You may have heard that you can claim federal tax deductions on home improvements. Some deductions are available at the time of your home purchase, others during the years you own your home, and a few when you sell. However, there are rules that govern each category.Today, we’ll walk you through which of your Atlanta, GA, home improvements count toward taxes, as well as a few things you should know before you file your taxes this year.
What Counts When You Buy?
Using Your Mortgage to Finance Improvements at Purchase Time
If you’re just now purchasing a home that you know you’ll want to make improvements to in the future, you may be able to save some money by taking out a mortgage that includes extra funds for home renovations. While it doesn’t sound beneficial to increase your mortgage, doing so enables you to deduct the interest on the extra amount from your tax bill.
Remember that this only counts toward lowering your tax liability when you itemize deductions. If your total in mortgage interest payments (and other itemized deductions) doesn’t exceed the standard deduction of $12,200 ($24,400 for married filing jointly), you may not get extra savings that way.
What Counts During the Years You Own Your Home?
Energy Conservation Improvements and Medically-Necessary Renovations
There are a couple tax incentives in place for home improvements that conserve energy. For example, you can receive a federal tax credit of 26% of the cost of installing a geothermal heat pump or solar energy system. This break includes the equipment and installation. These credits were renewed for 2019, and then they are reduced each year through the end of 2021. (Note that tax credits for energy conservation must be applied in the same year that any given unit is installed and placed in service. A Manufacturer Certification Statement must be kept on record for write-offs to qualify.) Through 2020, you can also take advantage of a 10% tax credit up to $500 for energy upgrades like an efficient air conditioner or furnace.
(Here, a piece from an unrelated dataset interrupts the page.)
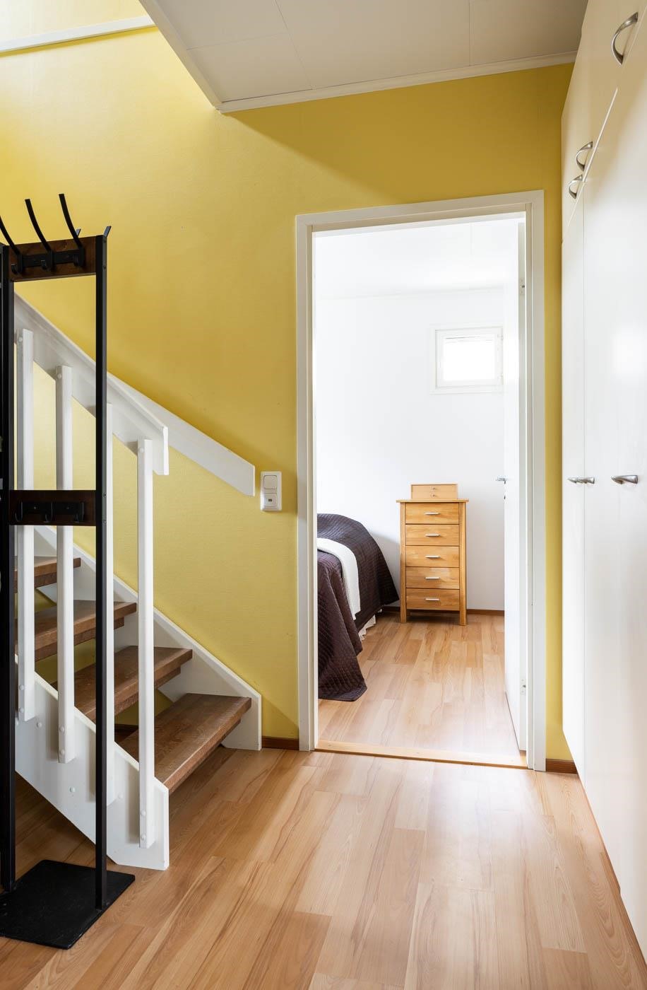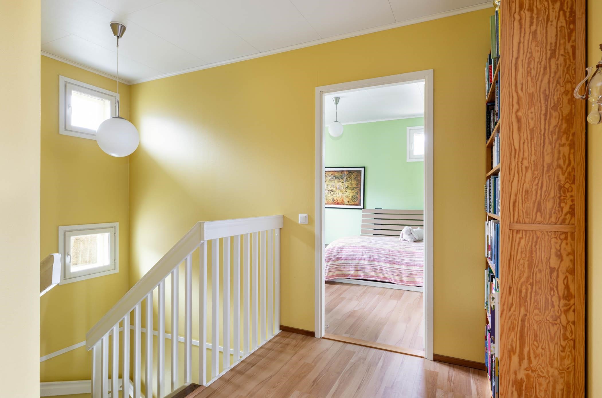 - Keittiö: Lattia laminaatti, seinä maalattu lasik tapetti. Olohuone: Lattia laminaatti, seinä maalattu lasik tapetti. Makuuhuone 1: Lattia laminaatti, seinä maalattu lasik tapetti. Makuuhuone 2: Lattia laminaatti, seinä maalattu lasik tapetti. Makuuhuone 3: ja 4 Lattia laminaatti, seinä maalattu lasik tapetti. Kodinhoitohuone: Lattiassa laatta, seinä lasik tapetti. Sauna: Lattia laatta, seinä paneli. Kylpyhuone: Lattapinnoin. Eteinen: Lattia laminaatti, seinä maalattu lasik tapetti. Wc: Laattapinnoin. Alakerta kph: Lattia ja seinät laattaa.

If you or a member of your household needs an accessible home, you may be able to deduct certain home improvements you make to achieve it. The deduction is usually based on immediate medical need and may not apply to renovations you make related to plans for aging-in-place. The IRS allows you to deduct medical expenses depending on your income and how much you spend. This means that if you install exit ramps, widen doorways or adjust countertop height, you may be able to deduct a portion or all of the cost. Keep in mind that the deduction only works for improvements that do not increase your home value. If you build an addition to expand the livable space on the main floor for a disabled member of the family, you can usually only deduct what you spend minus the increase in resale value.
What About Vacation Homes/Rentals?
While you can’t deduct the cost of most improvements you make to your primary residence, the same may not be true for other types of real estate property you own. For example, if you make improvements to a vacation home that you usually rent out, it could qualify as a business deduction. You’ll have to start counting rent payments as income on your taxes to get this deduction, but it might be well worth it.
How to Avoid Paying Capital Gains on Home Appreciation at Selling Time
When you sell your house, you subtract your tax basis from the sales price to determine the amount of your profit. Home improvements that add value to your home, prolong its life, or adapt it to new uses (such as an addition, a new roof, an extra water heater, etc.) are considered capital improvements and are added to your tax basis. In other words, tracking home improvements may enable you to report a smaller profit when you sell your house.
Most homeowners who have lived in their primary residence for several years are eligible to exempt up to $250,000 ($500,000 for married filing jointly) in profits from their federal taxes the year they sell the home. The amount of capital gains depends on the tax basis for the property.
Home renovations increase your home basis, so they can reduce what’s counted as home sale profit, limiting the taxable portion of your sale price. As always, you’ll want to check all of this information with your own accountant, since every homeowner’s tax situation is unique.